Australia banks agree Android Pay deal, Apple Pay still frozen out

An Apple iphone 6 with Apple Pay is shown in this photo illustration in Encinitas , California June 3, 2015. REUTERS/Mike Blake·Reuters

By Swati Pandey

SYDNEY (Reuters) - Big Australian banks have agreed to accept payments made on mobile devices using Google Inc's (GOOGL.O) Android Pay, leaving Apple Inc's (APPL.O) rival Apple Pay system out in the cold as the tech giant struggles to coax lenders to accept its terms.

Banks including Westpac Banking Corp (WBC.AX), ANZ Banking Group (ANZ.AX) and Macquarie (MQG.AX) will accept contactless payments via Android smartphones when Google rolls out the service in first-half 2016, the tech giant said on Wednesday. Westpac and Commonwealth Bank of Australia (CBA.AX) already operate their own mobile payment systems.

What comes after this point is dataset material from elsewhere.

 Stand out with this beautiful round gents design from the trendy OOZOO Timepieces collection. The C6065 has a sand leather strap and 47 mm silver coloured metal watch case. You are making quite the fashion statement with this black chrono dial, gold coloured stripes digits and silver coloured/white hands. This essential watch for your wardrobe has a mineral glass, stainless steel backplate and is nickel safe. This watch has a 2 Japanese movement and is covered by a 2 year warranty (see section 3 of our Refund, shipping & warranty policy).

In contrast, Apple remains locked in talks with big banks in search of a deal to accept Apple Pay. The iPhone maker's system launched in Australia last month, with support for American Express Co (AXP.N) cards, but remains adrift from 80 percent of consumers using other credit cards in a market Westpac sees as worth more than $2 billion this year.

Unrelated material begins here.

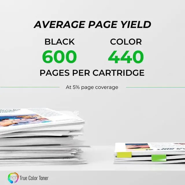 LONG LASTING INK CARTRIDGES. Print up to an approximate 600 pages per Black cartridge, and 440 per Color cartridge.

"It's a big bargaining chip for (Australian) banks to use to force a better deal with Apple," said Foad Fadaghi, managing director of technology research firm Telsyte.

An Apple spokeswoman declined to comment.

Android Pay will support both MasterCard and Visa credit and debit cards, Pali Bhat, director of product management at Google wrote in a blog post Wednesday. Consumer favorites like McDonald's Corp (MCD.N) and Domino's Pizza (DMP.AX) have also signed up, Google said, enhancing Android Pay's appeal.

The absence of a deal on Apple Pay hinges on banks' unwillingness to give up a slice of a market for contactless payments they have cultivated that is now much bigger than in many other countries.

More than 60 percent of all card transactions in Australia are now contactless, ANZ bank said in a statement on Wednesday, announcing the Android Pay tie-up.

In the United States, meanwhile, a survey by Verifone and Wakefield Research released in January 2015 found mobile wallets accounted for just about 4 percent of the overall payments market for in-store retail transactions.

Fees in Australia's lucrative mobile payments market remain a bone of contention in Apple's talks with the main banks.

Apple is demanding 15 basis points in interchange fees that banks have refused to share, people familiar with such negotiations say. Android Pay has no such charges, the sources said.

"The four Australian banks aren't prepared to give up the amount of interchange fees that the U.S., Canadian and UK banks have done," said Grant Halverson, a payments consultant from McLean Roche.